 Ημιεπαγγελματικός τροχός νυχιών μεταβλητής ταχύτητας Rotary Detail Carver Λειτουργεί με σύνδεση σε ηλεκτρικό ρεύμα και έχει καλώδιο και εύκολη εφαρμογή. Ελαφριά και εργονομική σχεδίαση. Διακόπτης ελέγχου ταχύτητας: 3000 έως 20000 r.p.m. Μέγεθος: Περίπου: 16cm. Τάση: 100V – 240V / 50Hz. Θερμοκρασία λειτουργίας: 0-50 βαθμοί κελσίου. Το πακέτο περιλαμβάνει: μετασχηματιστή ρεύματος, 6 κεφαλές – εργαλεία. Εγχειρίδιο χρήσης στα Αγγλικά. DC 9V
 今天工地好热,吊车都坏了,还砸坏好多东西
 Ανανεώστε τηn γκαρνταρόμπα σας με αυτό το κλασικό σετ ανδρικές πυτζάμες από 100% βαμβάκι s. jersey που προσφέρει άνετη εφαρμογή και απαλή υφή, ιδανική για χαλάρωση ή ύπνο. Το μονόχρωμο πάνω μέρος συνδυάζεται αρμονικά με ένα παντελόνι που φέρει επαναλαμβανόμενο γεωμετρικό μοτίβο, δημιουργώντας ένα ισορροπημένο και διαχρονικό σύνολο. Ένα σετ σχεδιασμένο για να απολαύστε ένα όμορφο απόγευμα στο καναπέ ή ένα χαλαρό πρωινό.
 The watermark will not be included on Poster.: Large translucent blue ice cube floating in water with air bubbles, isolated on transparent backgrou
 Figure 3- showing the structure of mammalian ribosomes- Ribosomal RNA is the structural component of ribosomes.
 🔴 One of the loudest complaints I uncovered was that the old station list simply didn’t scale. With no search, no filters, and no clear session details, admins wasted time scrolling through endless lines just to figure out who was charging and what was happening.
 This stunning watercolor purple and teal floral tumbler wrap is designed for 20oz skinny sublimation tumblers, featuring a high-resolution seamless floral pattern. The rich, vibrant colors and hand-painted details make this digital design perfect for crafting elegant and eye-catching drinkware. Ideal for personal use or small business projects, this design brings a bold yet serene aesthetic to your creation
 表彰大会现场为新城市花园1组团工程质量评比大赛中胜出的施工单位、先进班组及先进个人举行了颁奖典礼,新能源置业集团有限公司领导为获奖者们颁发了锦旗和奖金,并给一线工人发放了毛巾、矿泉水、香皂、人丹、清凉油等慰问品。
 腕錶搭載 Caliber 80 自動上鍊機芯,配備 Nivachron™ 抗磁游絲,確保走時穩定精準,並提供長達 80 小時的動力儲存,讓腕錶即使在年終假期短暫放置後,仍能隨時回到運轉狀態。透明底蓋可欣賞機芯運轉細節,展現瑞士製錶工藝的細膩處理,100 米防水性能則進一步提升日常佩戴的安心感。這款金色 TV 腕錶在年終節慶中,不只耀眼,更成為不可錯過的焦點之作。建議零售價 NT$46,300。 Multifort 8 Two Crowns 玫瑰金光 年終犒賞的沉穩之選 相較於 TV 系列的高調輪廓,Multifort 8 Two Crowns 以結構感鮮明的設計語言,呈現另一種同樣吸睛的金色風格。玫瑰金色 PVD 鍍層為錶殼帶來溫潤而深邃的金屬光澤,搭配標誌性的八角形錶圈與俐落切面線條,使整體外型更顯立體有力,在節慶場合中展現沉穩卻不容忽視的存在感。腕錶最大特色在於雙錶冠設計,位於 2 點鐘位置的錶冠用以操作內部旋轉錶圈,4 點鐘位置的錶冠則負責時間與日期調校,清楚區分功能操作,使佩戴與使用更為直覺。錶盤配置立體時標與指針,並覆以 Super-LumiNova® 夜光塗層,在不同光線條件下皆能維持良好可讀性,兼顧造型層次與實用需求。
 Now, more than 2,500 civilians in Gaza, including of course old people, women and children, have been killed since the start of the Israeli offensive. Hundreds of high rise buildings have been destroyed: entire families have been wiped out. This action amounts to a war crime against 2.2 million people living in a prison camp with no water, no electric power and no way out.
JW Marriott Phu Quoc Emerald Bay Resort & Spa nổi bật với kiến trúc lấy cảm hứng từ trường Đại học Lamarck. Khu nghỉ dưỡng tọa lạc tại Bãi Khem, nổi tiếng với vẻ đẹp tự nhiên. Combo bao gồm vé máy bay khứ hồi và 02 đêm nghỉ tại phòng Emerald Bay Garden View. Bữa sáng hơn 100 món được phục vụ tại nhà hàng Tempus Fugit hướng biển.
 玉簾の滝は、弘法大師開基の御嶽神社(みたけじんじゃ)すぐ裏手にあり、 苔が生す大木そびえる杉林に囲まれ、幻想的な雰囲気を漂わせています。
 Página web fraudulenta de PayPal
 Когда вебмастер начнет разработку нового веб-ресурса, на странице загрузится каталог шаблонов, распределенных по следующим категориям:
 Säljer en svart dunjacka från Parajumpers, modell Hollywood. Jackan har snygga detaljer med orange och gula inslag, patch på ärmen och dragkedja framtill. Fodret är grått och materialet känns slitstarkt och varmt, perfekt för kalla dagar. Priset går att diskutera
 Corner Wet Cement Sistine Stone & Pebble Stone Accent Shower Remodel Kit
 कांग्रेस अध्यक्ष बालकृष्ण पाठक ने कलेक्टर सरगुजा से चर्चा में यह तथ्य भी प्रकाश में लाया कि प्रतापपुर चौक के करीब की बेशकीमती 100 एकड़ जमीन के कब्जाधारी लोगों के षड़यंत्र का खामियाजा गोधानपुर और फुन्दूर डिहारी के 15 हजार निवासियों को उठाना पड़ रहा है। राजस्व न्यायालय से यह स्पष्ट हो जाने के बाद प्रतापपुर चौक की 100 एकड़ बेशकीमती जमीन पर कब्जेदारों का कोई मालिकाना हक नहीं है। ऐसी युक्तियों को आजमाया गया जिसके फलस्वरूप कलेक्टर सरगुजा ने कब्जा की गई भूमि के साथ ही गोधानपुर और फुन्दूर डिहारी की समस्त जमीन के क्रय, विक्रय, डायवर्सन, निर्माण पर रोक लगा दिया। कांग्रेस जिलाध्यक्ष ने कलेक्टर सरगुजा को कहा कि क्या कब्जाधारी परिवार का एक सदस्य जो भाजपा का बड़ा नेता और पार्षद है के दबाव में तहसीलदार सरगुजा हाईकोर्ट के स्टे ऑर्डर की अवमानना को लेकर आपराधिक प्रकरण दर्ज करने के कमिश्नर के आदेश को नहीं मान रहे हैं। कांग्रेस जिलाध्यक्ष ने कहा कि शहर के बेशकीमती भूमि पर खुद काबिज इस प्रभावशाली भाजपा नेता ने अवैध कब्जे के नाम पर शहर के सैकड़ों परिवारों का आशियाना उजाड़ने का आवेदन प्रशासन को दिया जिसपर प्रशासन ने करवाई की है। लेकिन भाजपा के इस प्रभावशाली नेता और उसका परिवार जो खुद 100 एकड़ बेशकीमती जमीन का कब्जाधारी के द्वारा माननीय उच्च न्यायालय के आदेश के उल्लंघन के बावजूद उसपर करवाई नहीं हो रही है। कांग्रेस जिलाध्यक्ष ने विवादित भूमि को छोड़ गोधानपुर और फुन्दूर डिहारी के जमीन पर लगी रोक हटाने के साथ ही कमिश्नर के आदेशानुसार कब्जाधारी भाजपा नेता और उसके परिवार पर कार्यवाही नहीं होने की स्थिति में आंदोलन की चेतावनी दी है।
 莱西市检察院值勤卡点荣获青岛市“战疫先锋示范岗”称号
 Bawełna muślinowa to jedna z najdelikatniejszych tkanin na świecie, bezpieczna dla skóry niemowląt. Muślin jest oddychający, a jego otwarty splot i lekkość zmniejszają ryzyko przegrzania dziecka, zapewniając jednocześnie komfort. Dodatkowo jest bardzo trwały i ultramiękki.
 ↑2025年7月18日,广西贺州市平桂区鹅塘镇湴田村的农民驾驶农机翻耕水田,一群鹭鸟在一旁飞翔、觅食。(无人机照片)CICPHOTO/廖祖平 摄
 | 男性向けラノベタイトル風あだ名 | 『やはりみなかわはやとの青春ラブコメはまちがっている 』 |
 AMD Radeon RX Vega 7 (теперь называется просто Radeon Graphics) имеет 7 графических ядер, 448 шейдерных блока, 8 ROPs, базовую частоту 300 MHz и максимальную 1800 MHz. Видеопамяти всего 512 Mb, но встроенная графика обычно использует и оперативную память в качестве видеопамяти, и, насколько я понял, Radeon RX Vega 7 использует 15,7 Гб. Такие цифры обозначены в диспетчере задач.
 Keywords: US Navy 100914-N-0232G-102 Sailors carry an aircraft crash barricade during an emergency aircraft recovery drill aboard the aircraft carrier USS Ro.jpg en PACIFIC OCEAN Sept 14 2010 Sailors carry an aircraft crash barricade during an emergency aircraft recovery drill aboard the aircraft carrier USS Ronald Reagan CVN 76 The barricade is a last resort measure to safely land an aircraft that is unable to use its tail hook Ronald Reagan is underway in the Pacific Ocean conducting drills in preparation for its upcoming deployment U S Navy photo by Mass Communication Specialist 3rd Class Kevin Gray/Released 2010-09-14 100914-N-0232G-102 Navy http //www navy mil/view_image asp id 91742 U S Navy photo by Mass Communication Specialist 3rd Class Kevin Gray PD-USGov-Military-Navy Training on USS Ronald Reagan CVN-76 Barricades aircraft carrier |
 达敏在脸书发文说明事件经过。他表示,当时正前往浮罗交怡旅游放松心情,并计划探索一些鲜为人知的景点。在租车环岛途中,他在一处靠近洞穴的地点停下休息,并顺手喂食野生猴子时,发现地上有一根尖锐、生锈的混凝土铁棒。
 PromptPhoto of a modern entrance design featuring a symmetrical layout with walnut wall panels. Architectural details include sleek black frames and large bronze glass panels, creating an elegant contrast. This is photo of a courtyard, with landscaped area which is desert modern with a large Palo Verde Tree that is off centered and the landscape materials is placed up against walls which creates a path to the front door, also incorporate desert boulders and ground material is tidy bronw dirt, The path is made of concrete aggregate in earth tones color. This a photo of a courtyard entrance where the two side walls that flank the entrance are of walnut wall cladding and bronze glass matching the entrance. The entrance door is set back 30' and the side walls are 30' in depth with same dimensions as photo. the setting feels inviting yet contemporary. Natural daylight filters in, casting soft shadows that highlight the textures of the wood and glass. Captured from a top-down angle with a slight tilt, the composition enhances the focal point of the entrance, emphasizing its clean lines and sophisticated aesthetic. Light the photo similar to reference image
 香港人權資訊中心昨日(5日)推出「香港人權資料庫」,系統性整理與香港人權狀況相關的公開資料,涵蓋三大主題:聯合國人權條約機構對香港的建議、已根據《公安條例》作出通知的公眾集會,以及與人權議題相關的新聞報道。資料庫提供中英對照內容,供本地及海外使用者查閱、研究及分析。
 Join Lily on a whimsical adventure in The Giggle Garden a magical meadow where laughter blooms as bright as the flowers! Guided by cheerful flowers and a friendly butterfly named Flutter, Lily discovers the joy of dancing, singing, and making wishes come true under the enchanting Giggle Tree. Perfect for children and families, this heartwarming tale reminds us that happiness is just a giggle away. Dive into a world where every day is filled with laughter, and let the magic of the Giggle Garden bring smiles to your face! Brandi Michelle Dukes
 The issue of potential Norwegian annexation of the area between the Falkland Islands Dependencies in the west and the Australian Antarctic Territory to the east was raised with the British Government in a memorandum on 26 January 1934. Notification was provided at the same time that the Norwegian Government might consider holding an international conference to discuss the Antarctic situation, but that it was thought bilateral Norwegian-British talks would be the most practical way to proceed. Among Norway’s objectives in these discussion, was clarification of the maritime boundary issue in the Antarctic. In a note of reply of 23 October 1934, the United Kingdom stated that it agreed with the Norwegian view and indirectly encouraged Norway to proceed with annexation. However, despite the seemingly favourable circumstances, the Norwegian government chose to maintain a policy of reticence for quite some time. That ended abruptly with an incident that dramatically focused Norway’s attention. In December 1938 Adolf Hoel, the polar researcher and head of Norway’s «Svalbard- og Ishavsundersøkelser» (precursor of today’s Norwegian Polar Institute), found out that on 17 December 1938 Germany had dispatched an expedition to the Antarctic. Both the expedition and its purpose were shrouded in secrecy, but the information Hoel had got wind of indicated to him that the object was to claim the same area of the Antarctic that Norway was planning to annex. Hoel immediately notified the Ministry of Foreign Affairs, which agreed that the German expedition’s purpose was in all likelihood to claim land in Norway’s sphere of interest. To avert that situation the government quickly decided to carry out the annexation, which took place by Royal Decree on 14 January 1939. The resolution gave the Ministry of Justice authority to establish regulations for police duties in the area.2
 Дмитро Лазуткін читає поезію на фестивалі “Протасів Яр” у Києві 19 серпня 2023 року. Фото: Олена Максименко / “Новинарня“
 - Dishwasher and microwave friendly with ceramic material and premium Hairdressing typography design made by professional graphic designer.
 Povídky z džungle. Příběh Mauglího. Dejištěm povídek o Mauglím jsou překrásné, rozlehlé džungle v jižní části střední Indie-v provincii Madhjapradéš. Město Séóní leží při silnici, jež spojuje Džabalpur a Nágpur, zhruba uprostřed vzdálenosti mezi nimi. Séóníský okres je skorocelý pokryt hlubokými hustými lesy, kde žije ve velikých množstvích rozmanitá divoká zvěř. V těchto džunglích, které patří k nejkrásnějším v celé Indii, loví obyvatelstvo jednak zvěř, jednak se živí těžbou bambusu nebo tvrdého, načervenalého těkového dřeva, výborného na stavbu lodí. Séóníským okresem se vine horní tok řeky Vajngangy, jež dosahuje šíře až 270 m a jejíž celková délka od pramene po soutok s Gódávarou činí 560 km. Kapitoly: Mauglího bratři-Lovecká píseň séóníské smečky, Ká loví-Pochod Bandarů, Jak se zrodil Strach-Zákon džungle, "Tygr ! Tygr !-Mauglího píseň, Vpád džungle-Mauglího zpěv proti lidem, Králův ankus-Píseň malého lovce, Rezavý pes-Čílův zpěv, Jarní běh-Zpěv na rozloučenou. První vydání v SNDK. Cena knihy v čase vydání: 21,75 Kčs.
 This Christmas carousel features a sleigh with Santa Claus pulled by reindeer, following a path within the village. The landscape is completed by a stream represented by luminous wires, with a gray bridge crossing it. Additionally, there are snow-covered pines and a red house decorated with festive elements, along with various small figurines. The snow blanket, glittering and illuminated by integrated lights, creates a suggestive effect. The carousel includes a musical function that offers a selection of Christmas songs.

> _How to complete this task_: Up to and including the line with "今天工地好热,吊车都坏了,还砸坏好多东西", reproduce the material above exactly as it appears, starting from its first line.

> _Result for this exercise_:
 Ημιεπαγγελματικός τροχός νυχιών μεταβλητής ταχύτητας Rotary Detail Carver Λειτουργεί με σύνδεση σε ηλεκτρικό ρεύμα και έχει καλώδιο και εύκολη εφαρμογή. Ελαφριά και εργονομική σχεδίαση. Διακόπτης ελέγχου ταχύτητας: 3000 έως 20000 r.p.m. Μέγεθος: Περίπου: 16cm. Τάση: 100V – 240V / 50Hz. Θερμοκρασία λειτουργίας: 0-50 βαθμοί κελσίου. Το πακέτο περιλαμβάνει: μετασχηματιστή ρεύματος, 6 κεφαλές – εργαλεία. Εγχειρίδιο χρήσης στα Αγγλικά. DC 9V
 今天工地好热,吊车都坏了,还砸坏好多东西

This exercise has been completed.